Within the gilded confines of our home, the shadows whispered secrets that mirrored the turmoil of my heart. Freddy, my confidant in forbidden desires, stood as both the embodiment of my affection and the source of my relentless internal conflict.
Oneday while at work after our usual lovemaking in the office , I asked Freddy so oneday if this comes out and we have to stand before the whole family and even the world at large what would be his reaction. He took me to fuck everybody , I should fuck em. This was unexpected and short but hey , it is what it is , we move.
Our clandestine rendezvous, shrouded in secrecy, were an oasis amidst the desert of societal expectations. In his embrace, I found fleeting moments of respite, a reprieve from the suffocating weight of societal norms.
Yet, as the tendrils of our affection wound tighter around my heart, guilt coiled itself around my conscience. Guilt not for the depth of my feelings, but for the chaos our clandestine love affair threatened to unleash upon our revered family.
My mum is a very religious woman and she doesn’t like the whole idea , infact she is against the whole thing that’s going on , but because she loves me , she tries to keep it on the low.
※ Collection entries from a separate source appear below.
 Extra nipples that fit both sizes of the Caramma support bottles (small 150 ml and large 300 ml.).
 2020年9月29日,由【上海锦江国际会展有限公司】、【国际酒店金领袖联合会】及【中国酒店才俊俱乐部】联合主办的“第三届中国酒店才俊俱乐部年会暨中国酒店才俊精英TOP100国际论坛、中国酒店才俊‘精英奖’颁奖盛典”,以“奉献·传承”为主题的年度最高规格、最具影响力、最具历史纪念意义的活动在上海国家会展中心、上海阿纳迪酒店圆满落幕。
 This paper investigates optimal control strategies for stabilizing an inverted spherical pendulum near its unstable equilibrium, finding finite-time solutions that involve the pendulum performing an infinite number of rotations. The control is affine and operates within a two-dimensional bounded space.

My mum doesn’t like the fact that you having sex with your own brother when there are many men out there, what will people say , what will her family back in the village will say , what will the church say , this is a total abomination ..
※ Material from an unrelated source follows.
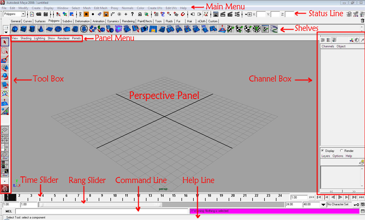 Animation/ Polygons/ NURBS/ Deform/ Dynamics/ Rendering

The fear of discovery was a relentless specter, casting a pall over our moments of intimacy. The clandestine whispers of our affection echoed through the corridors, each fleeting encounter a delicate ballet on the tightrope of societal acceptance.
I, Asantewaa, grappled with the dichotomy of desires that waged war within me. The allure of our forbidden love, a beacon of warmth amidst societal constraints, collided with the relentless weight of societal condemnation.
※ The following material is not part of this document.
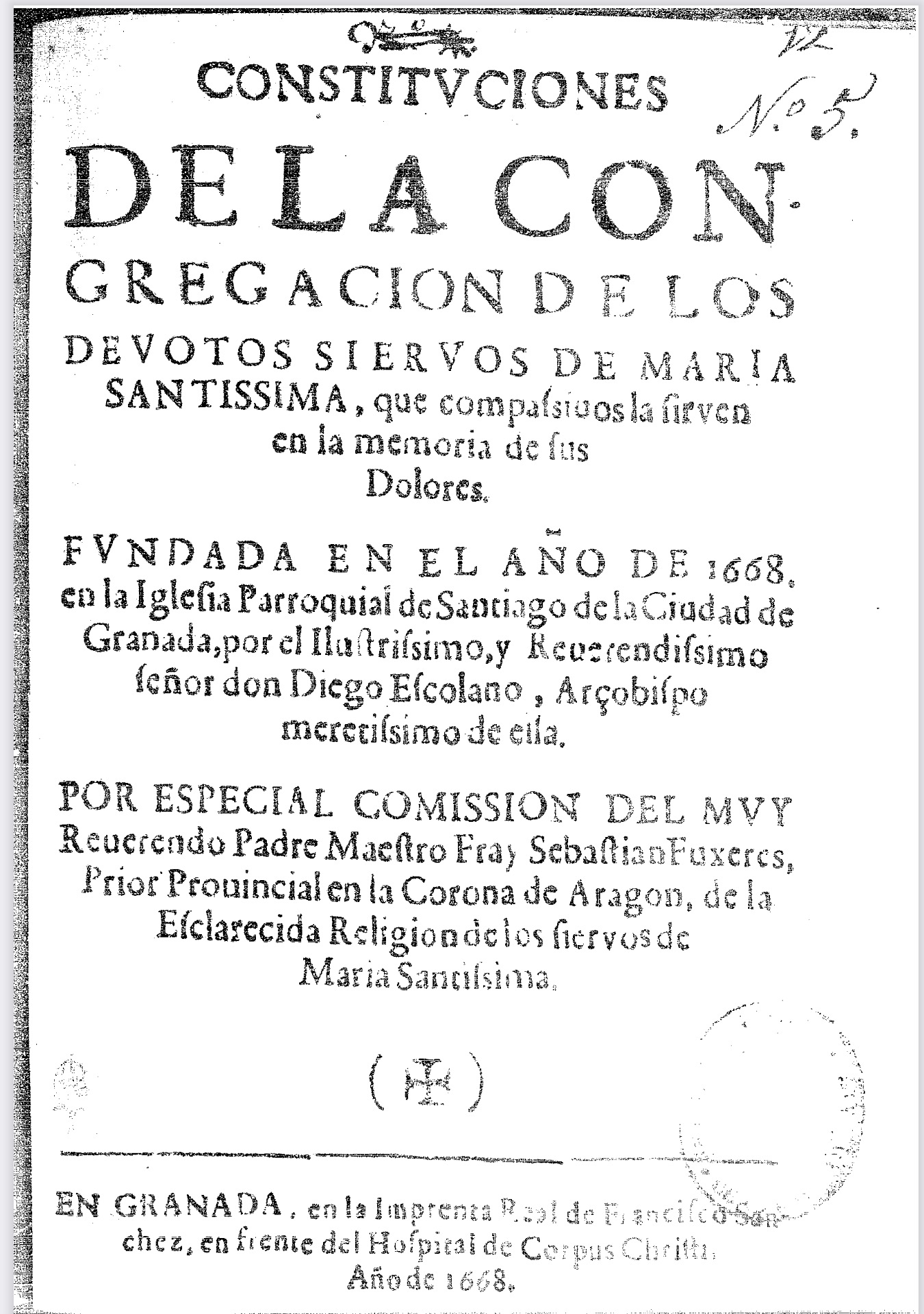 * Cofradía de la Orden Tercera de Siervos de Nuestra Señora de los Dolores. Esta cofradía fue fundada por el arzobispo Diego Escolano y Ledesma el 9 de diciembre de 1668: “por especial comisión de… fray Sebastián Fuxeres, prior provincial en la Corona de Aragón de la esclarecida religión de los siervos de María Santísima”. Escolano ya había fundado una cofradía de terciarios servitas en la iglesia de San Andrés de Segovia, durante su estancia como obispo de esa ciudad (1664-1668). La congregación granadina se estableció en la capilla de Nuestra Señora de las Tres Necesidades de la parroquia de Santiago.

As I chronicled our story, each word became a reflection of the shadows that danced within my soul. Desire and guilt painted an intricate mosaic of emotions, leaving me stranded in a tempest of conflicting sentiments.
It was a hot Saturday and we decided to visit Labadi Beach in accra , and we ended up meeting a church member who couldn’t believe his eyes , we were busy kissing in the sand , she was shocked and didn’t outer a word . but we didn’t care as we were in love , this events trigger my mind everyday and night. But hey I am fighting for love.
In the echoes of our clandestine love affair, I sought understanding and solace—a semblance of peace amidst the chaos that enveloped my heart.